Work to complete:
Return the lines of the material below exactly, beginning with the line that has "군포시 장애인체육회, 정기총회" in it and finishing with the line that has "According to the" in it. Leave all pictures aside.
··· Listed entries ···
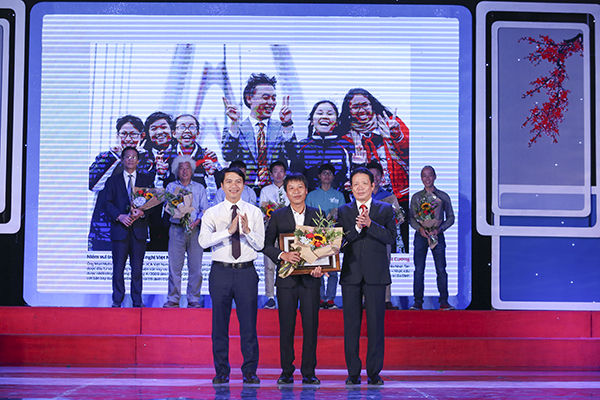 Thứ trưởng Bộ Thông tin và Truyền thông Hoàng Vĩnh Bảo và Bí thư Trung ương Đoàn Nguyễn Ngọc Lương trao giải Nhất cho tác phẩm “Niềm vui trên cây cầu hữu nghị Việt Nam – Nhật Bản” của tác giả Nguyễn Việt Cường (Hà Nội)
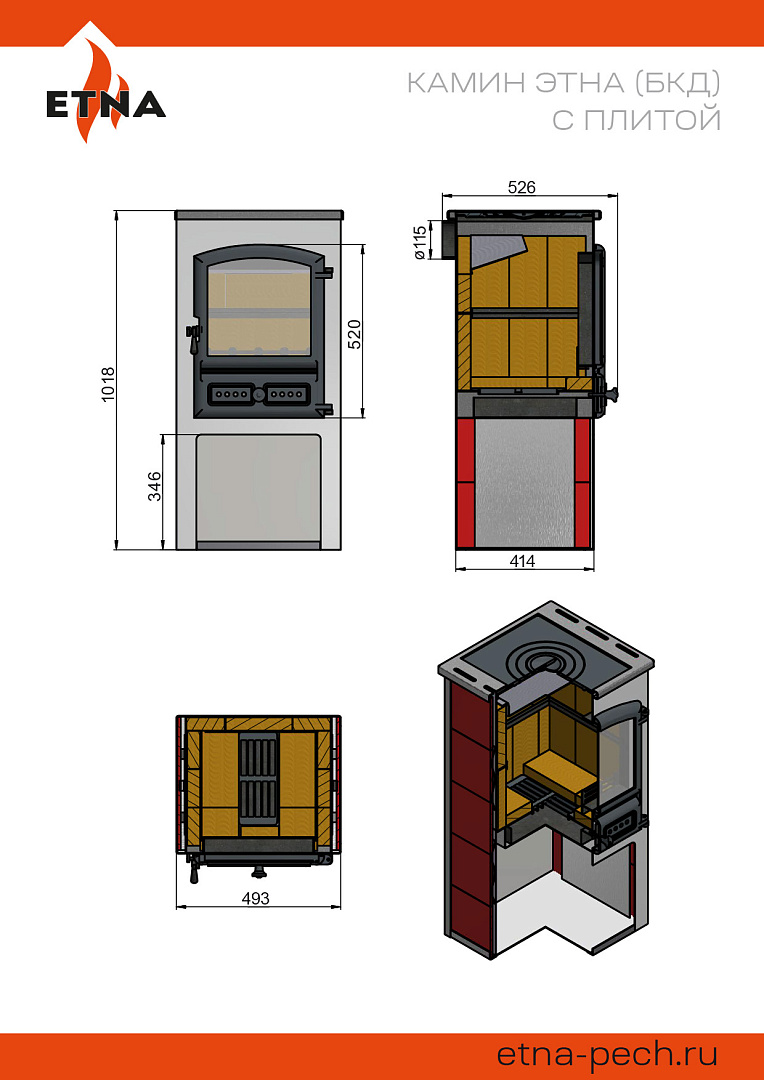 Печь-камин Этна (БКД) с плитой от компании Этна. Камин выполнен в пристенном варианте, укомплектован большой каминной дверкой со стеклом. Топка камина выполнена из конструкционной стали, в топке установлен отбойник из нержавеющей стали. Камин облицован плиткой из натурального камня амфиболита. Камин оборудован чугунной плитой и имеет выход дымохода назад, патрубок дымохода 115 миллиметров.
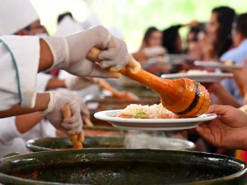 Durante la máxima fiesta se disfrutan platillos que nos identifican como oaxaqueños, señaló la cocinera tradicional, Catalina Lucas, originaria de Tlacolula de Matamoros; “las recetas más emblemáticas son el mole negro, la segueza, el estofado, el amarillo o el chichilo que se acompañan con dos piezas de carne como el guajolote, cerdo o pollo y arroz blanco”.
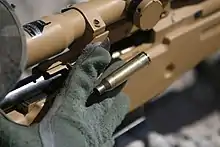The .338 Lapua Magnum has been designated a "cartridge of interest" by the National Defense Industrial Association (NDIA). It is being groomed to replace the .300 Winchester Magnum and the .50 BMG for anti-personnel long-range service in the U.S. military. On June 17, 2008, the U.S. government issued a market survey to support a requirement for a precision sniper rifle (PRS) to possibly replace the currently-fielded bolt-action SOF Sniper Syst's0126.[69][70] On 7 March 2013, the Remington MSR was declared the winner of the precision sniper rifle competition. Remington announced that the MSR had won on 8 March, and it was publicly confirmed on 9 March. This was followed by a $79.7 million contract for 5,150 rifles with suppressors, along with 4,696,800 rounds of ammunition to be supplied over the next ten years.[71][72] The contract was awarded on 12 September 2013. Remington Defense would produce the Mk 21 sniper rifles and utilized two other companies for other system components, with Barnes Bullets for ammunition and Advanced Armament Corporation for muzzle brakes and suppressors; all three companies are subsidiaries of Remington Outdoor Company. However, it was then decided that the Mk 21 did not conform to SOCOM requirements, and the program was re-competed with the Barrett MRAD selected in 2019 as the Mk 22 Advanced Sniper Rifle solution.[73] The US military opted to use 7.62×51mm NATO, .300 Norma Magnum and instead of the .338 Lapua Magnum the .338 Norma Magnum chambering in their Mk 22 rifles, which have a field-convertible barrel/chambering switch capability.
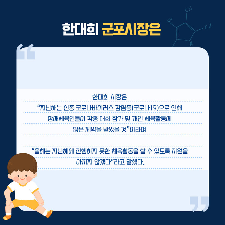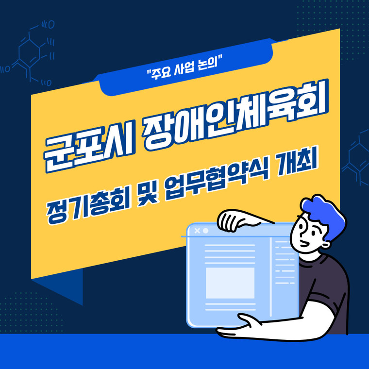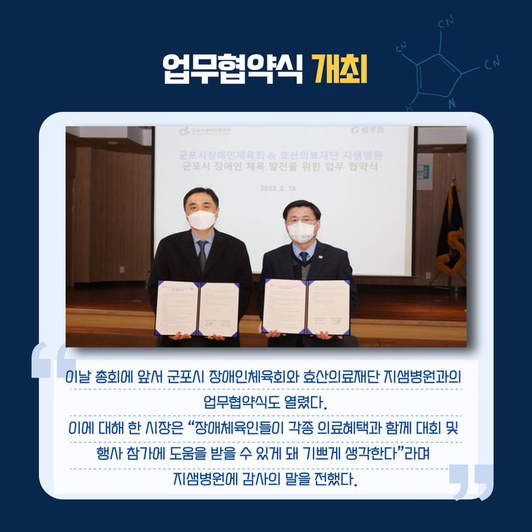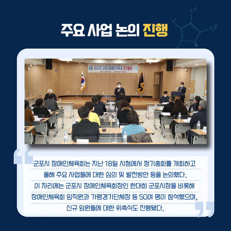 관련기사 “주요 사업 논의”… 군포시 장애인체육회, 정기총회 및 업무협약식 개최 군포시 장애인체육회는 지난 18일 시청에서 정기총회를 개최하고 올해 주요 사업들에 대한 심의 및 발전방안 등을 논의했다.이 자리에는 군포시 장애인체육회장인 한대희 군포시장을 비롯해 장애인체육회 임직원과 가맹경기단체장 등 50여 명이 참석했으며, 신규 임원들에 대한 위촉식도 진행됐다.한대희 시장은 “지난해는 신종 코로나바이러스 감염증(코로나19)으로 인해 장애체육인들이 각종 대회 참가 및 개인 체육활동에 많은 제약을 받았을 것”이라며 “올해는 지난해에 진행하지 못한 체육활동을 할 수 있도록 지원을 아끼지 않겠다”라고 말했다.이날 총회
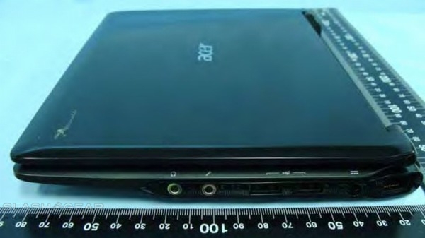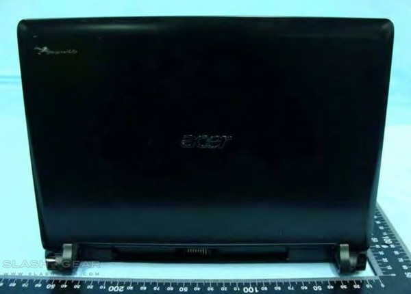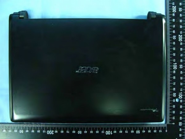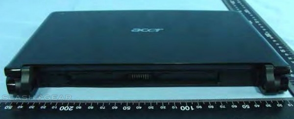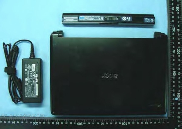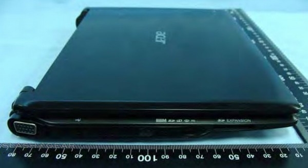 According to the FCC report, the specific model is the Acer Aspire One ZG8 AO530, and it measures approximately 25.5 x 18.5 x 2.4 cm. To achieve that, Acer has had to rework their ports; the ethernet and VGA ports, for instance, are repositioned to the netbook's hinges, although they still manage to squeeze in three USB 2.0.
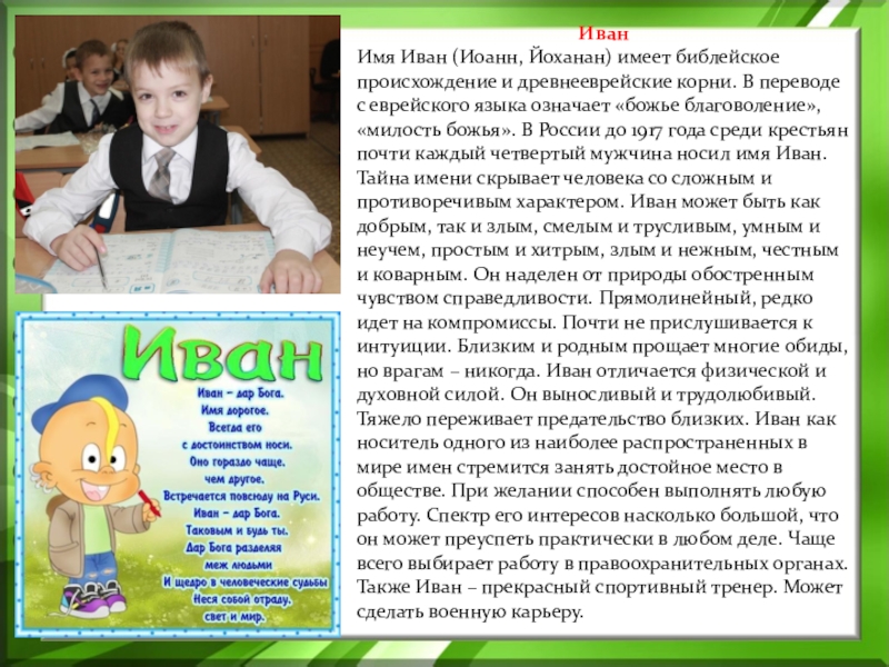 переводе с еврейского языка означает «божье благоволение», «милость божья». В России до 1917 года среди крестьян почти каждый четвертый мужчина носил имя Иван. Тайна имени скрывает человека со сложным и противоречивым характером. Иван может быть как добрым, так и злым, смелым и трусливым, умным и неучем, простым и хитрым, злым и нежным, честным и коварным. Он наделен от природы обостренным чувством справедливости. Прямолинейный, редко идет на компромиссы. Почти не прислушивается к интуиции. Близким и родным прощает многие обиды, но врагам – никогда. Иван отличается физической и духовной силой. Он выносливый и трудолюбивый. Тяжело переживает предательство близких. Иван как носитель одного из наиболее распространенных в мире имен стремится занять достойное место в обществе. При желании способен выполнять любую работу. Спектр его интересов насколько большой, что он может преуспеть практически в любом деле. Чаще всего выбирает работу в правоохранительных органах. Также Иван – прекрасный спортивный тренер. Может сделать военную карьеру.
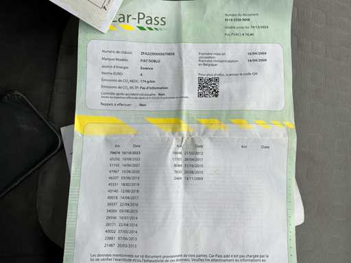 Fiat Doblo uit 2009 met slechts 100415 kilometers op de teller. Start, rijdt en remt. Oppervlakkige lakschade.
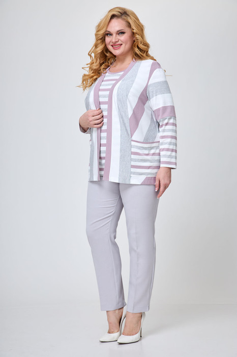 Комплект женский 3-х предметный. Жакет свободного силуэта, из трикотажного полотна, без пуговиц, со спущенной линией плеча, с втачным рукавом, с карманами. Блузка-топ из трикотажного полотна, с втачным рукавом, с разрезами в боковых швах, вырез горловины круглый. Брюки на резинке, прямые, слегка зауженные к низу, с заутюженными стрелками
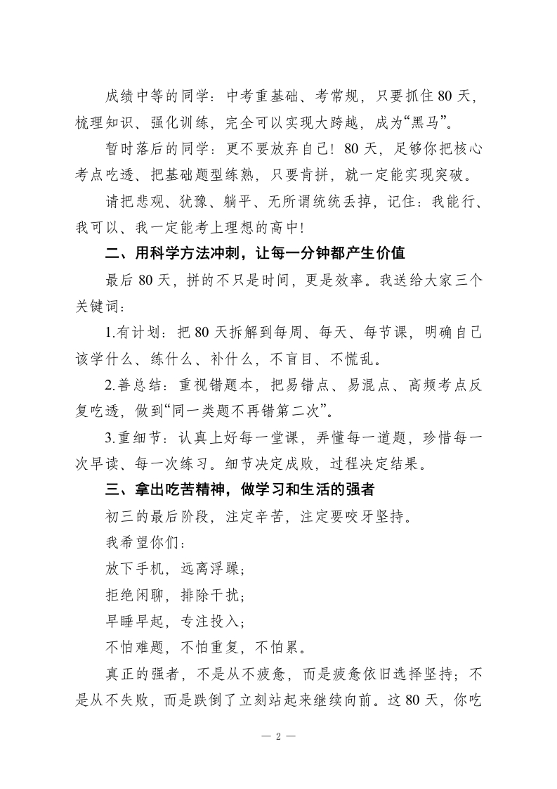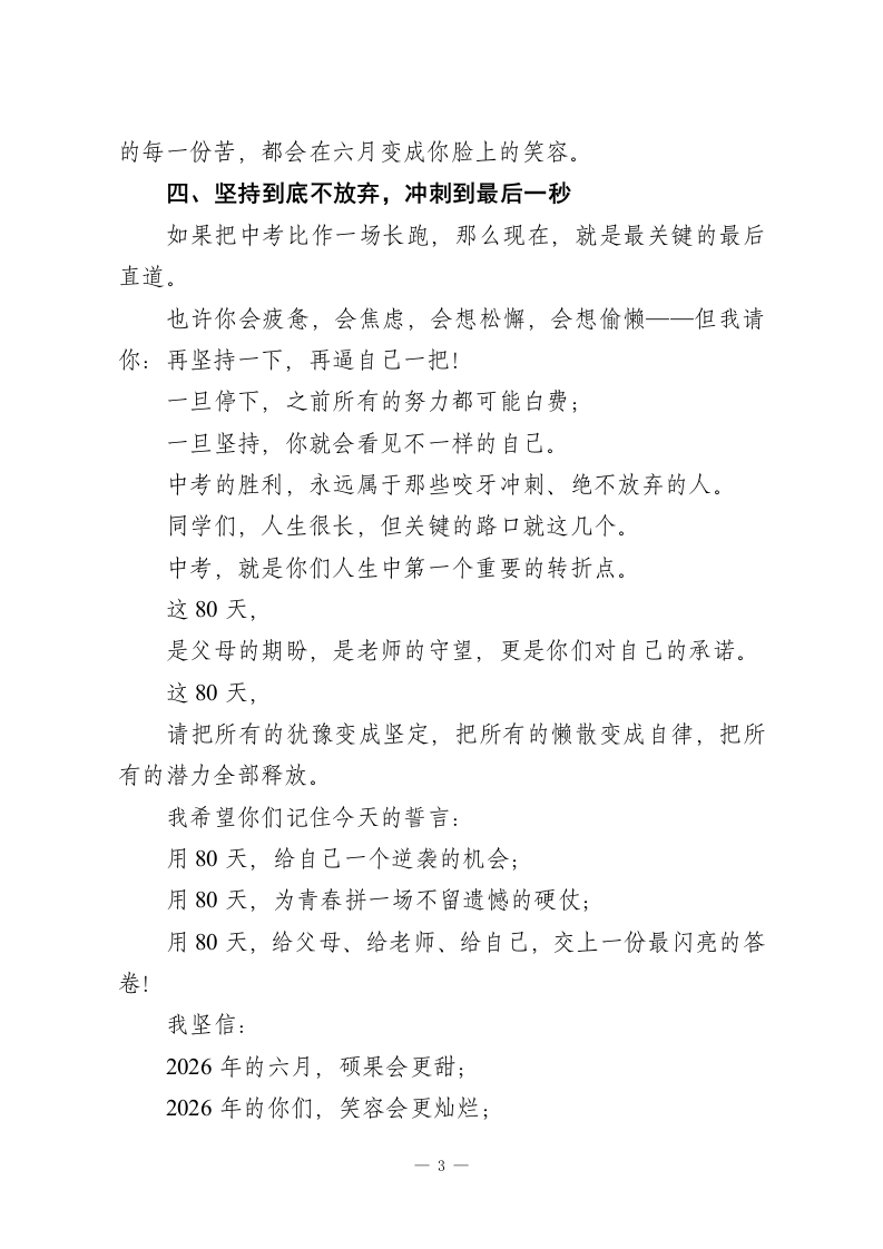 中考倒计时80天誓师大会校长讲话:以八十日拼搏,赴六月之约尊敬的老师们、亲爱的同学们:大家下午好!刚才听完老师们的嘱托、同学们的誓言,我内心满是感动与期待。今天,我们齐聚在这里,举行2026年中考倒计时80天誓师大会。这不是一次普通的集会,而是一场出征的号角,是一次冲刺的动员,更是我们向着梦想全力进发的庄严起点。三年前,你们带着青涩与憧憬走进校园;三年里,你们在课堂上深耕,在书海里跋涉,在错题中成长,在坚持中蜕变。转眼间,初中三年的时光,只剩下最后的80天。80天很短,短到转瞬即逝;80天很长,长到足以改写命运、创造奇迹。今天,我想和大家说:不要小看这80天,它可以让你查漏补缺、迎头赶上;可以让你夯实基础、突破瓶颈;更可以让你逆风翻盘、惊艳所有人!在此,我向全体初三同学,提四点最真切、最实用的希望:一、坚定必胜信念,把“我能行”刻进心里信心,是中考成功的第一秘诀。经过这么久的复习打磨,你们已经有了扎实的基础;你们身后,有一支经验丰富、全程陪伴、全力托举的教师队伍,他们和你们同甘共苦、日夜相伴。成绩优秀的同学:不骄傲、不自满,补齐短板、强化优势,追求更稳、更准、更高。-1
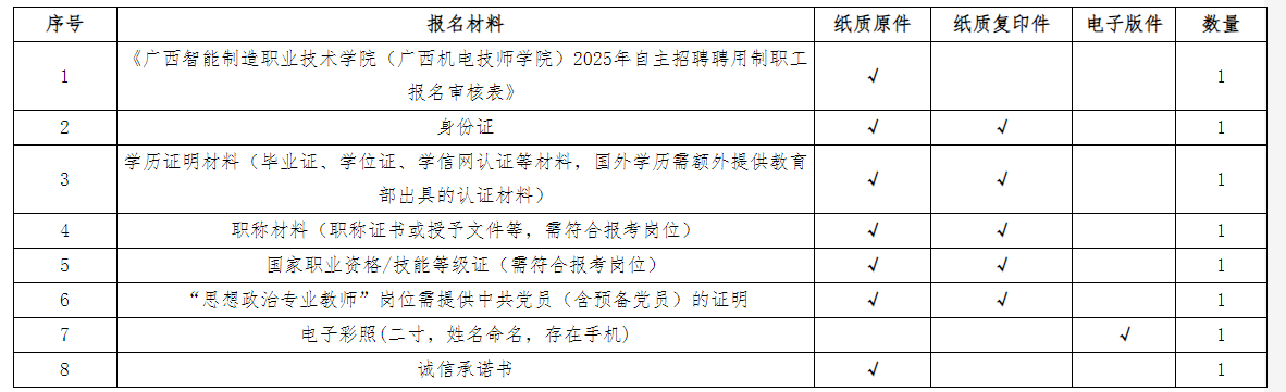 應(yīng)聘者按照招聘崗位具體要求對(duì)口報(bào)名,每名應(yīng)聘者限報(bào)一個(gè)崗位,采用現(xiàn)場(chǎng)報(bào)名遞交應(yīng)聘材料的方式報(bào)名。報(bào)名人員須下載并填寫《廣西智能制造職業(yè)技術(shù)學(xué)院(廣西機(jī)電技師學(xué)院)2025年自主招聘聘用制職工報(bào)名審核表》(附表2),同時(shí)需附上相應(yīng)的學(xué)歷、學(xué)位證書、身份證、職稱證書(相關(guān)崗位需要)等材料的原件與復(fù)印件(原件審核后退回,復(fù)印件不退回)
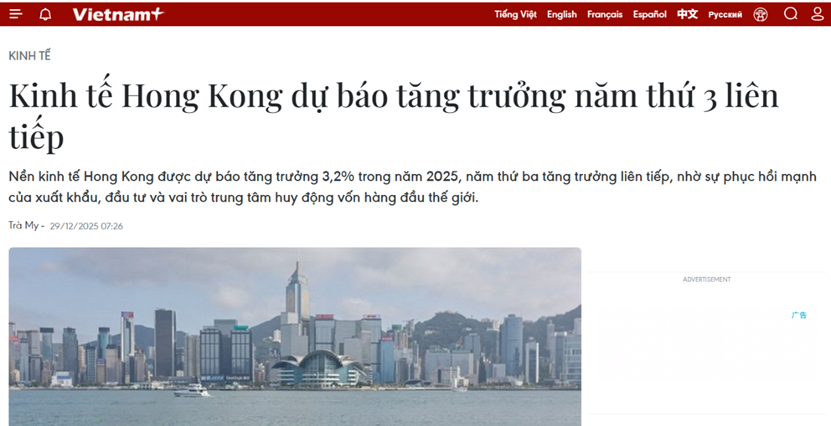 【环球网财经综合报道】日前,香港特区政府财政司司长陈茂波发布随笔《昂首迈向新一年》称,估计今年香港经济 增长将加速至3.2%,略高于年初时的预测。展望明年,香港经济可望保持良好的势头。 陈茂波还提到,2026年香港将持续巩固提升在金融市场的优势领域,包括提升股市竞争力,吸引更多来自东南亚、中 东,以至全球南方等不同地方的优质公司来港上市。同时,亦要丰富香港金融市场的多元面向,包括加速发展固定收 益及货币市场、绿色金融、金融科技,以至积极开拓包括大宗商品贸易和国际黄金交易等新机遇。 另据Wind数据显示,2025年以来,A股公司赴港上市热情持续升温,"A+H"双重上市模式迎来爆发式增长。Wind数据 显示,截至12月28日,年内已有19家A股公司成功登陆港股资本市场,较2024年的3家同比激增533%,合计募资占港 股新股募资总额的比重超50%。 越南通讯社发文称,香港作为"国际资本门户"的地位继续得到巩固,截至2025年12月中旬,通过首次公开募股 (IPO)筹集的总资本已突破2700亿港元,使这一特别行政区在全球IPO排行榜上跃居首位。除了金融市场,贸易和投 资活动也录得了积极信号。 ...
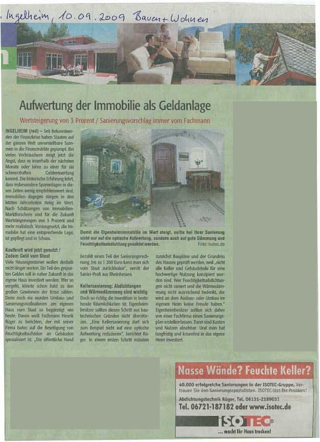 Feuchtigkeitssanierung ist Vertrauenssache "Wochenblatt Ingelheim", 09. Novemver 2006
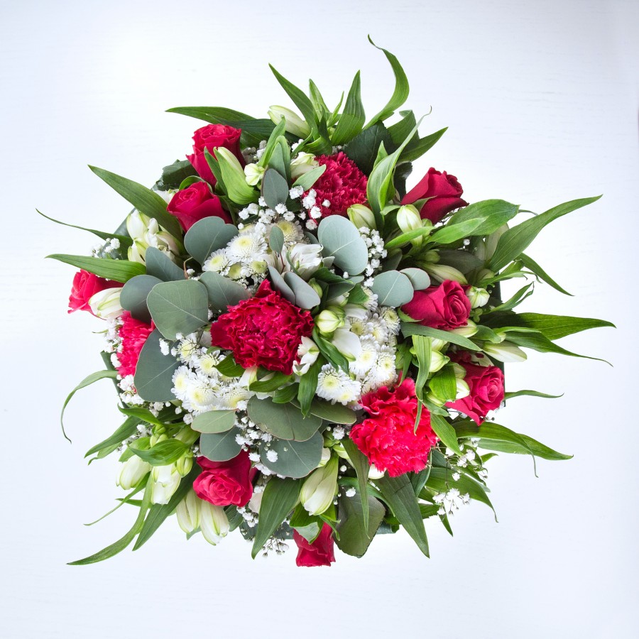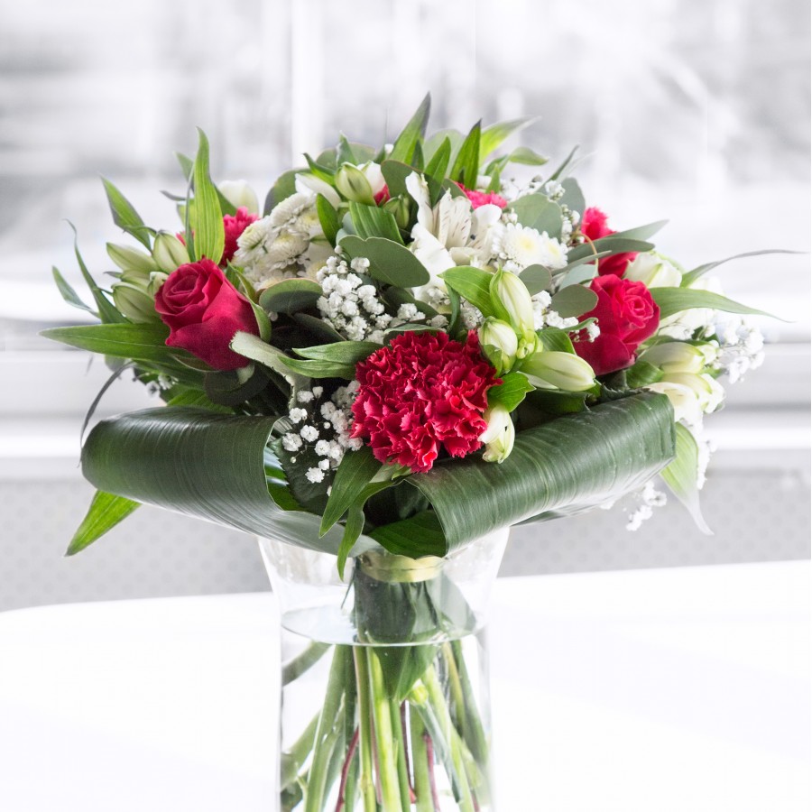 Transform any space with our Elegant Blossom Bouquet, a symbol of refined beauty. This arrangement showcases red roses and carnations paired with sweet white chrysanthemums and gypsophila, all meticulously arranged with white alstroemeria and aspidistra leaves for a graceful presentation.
···
Answer for this exercise:
 관련기사 “주요 사업 논의”… 군포시 장애인체육회, 정기총회 및 업무협약식 개최 군포시 장애인체육회는 지난 18일 시청에서 정기총회를 개최하고 올해 주요 사업들에 대한 심의 및 발전방안 등을 논의했다.이 자리에는 군포시 장애인체육회장인 한대희 군포시장을 비롯해 장애인체육회 임직원과 가맹경기단체장 등 50여 명이 참석했으며, 신규 임원들에 대한 위촉식도 진행됐다.한대희 시장은 “지난해는 신종 코로나바이러스 감염증(코로나19)으로 인해 장애체육인들이 각종 대회 참가 및 개인 체육활동에 많은 제약을 받았을 것”이라며 “올해는 지난해에 진행하지 못한 체육활동을 할 수 있도록 지원을 아끼지 않겠다”라고 말했다.이날 총회
 According to the FCC report, the specific model is the Acer Aspire One ZG8 AO530, and it measures approximately 25.5 x 18.5 x 2.4 cm. To achieve that, Acer has had to rework their ports; the ethernet and VGA ports, for instance, are repositioned to the netbook's hinges, although they still manage to squeeze in three USB 2.0.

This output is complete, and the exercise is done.